[SUPPLIED INFORMATION]
___

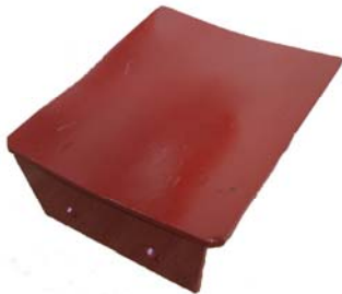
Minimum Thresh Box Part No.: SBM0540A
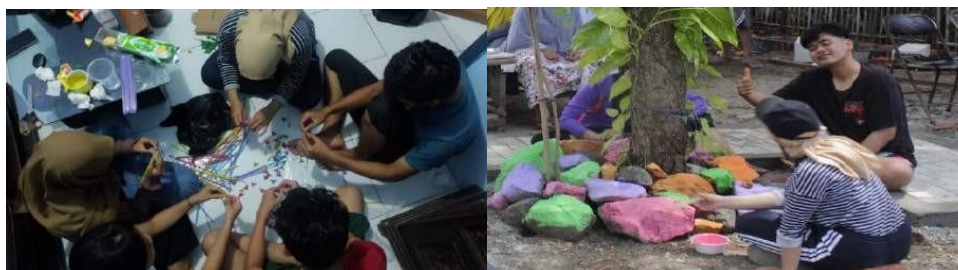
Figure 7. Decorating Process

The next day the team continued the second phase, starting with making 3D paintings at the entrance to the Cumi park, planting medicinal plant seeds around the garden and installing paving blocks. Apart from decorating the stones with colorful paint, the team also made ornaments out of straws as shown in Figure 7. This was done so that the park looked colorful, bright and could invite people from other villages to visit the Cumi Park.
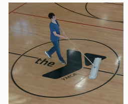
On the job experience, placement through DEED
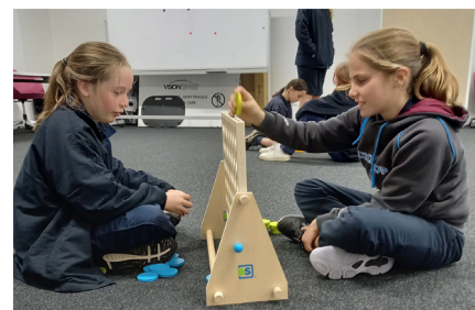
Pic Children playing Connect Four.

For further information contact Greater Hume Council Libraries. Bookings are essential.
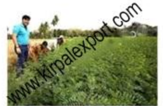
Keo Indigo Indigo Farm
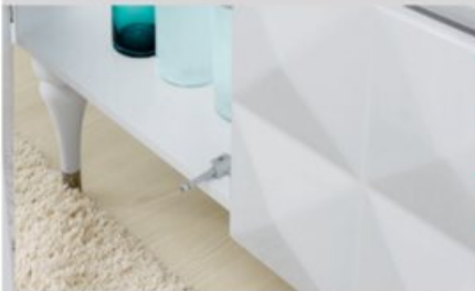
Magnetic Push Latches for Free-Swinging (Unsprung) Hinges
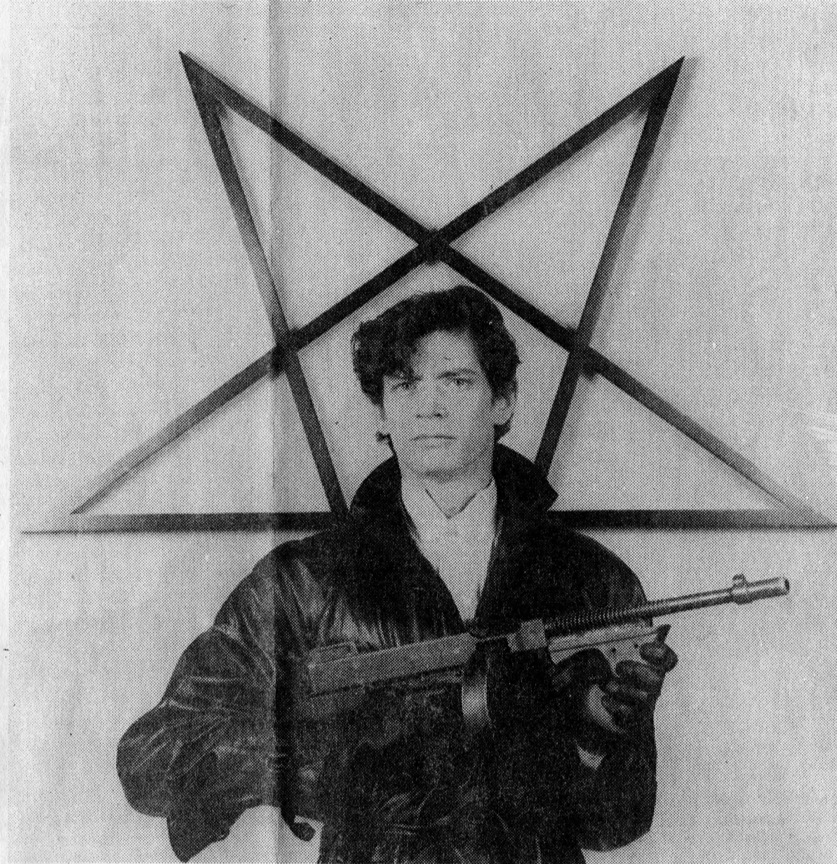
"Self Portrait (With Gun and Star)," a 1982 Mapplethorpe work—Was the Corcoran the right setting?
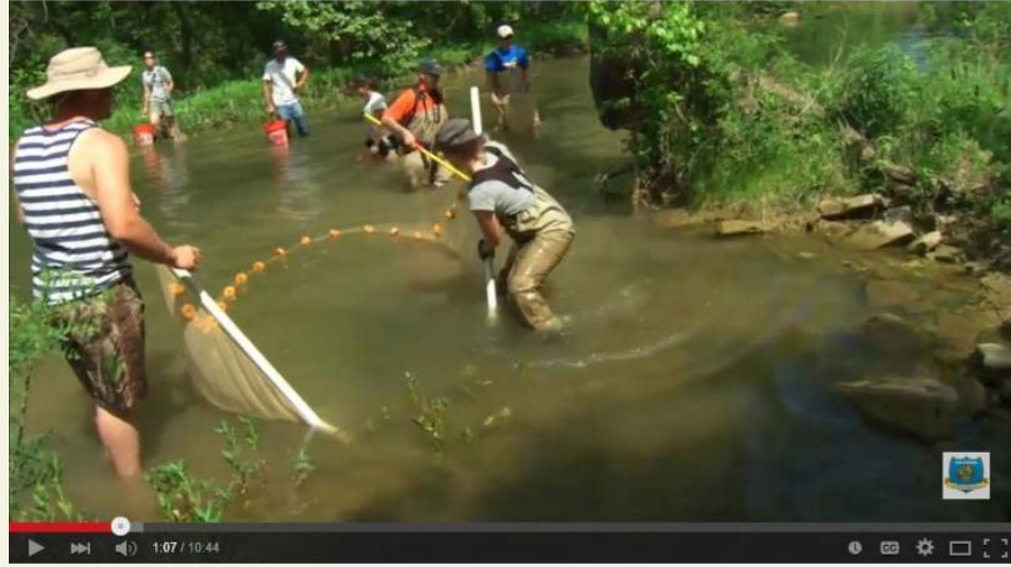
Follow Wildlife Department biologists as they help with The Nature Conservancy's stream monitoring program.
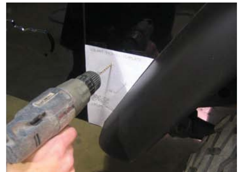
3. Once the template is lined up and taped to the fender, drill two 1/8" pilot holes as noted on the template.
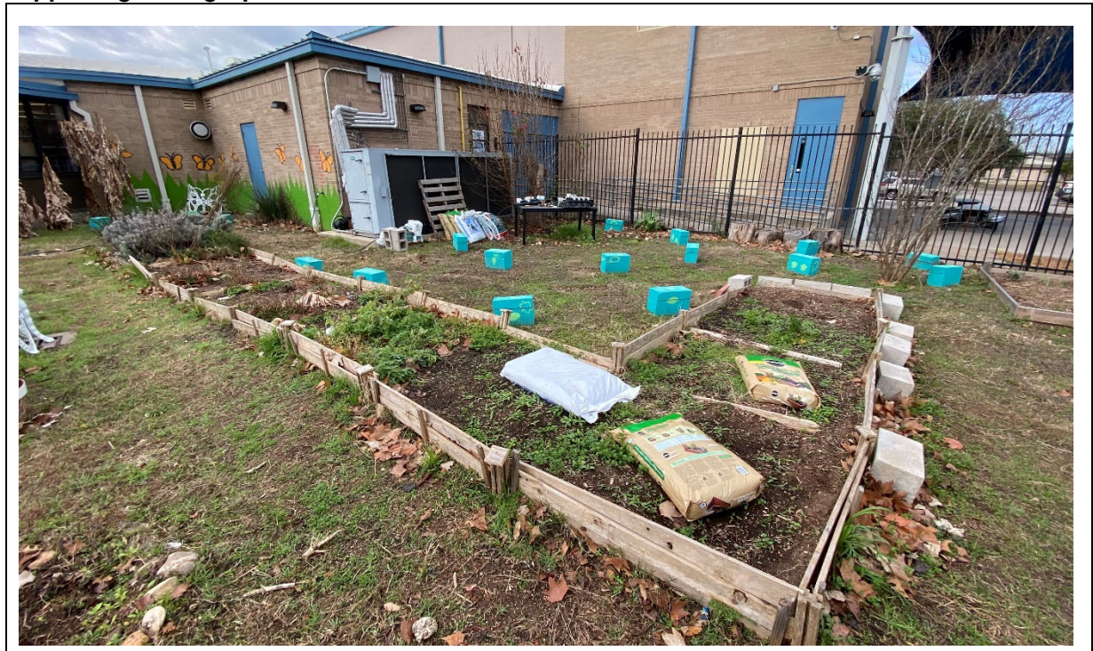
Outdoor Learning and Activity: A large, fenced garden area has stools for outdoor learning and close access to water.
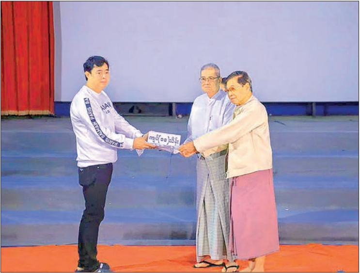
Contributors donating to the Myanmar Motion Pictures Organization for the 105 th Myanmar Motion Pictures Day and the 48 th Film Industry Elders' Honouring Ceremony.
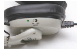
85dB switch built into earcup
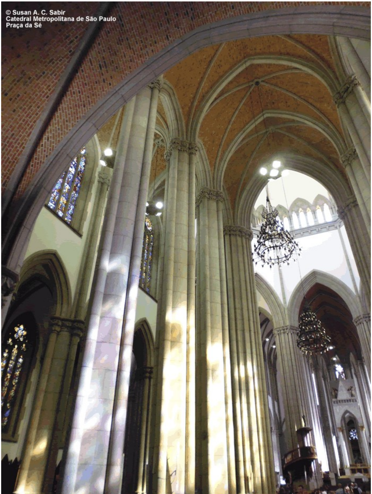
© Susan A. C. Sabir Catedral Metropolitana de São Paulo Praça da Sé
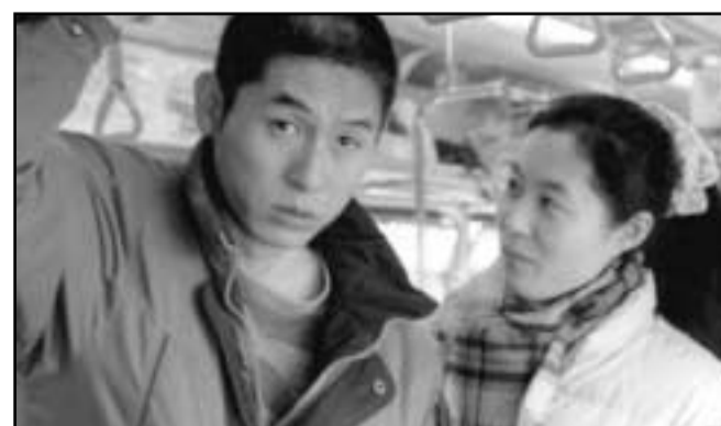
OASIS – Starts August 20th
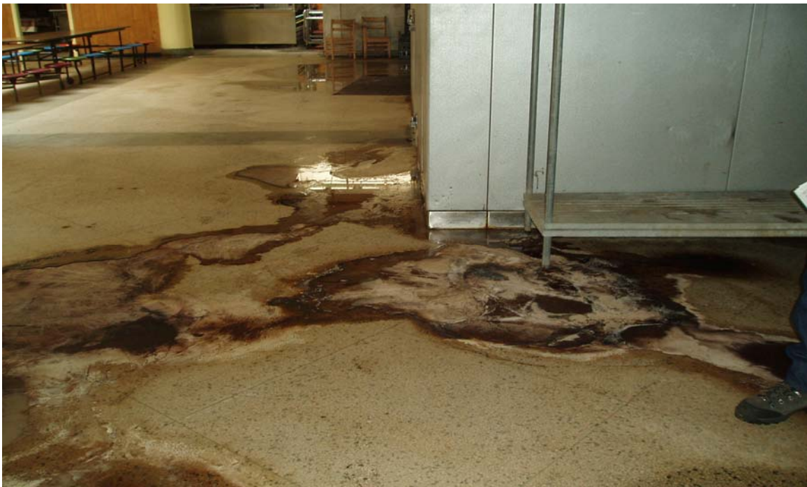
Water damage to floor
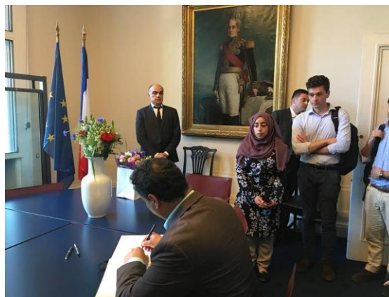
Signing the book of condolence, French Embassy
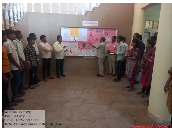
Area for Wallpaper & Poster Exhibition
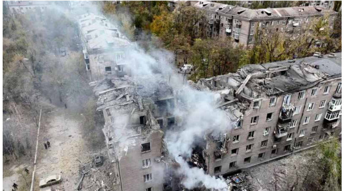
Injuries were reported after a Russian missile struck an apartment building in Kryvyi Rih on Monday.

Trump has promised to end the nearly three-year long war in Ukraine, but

___

[PROMPT] Return word for word the lines from the beginning of the entries through the line that contains "Pic Children playing Connect Four.", both ends included, but no pictures.

[WRITTEN RESPONSE]
Minimum Thresh Box Part No.: SBM0540A
Figure 7. Decorating Process

The next day the team continued the second phase, starting with making 3D paintings at the entrance to the Cumi park, planting medicinal plant seeds around the garden and installing paving blocks. Apart from decorating the stones with colorful paint, the team also made ornaments out of straws as shown in Figure 7. This was done so that the park looked colorful, bright and could invite people from other villages to visit the Cumi Park.
On the job experience, placement through DEED
Pic Children playing Connect Four.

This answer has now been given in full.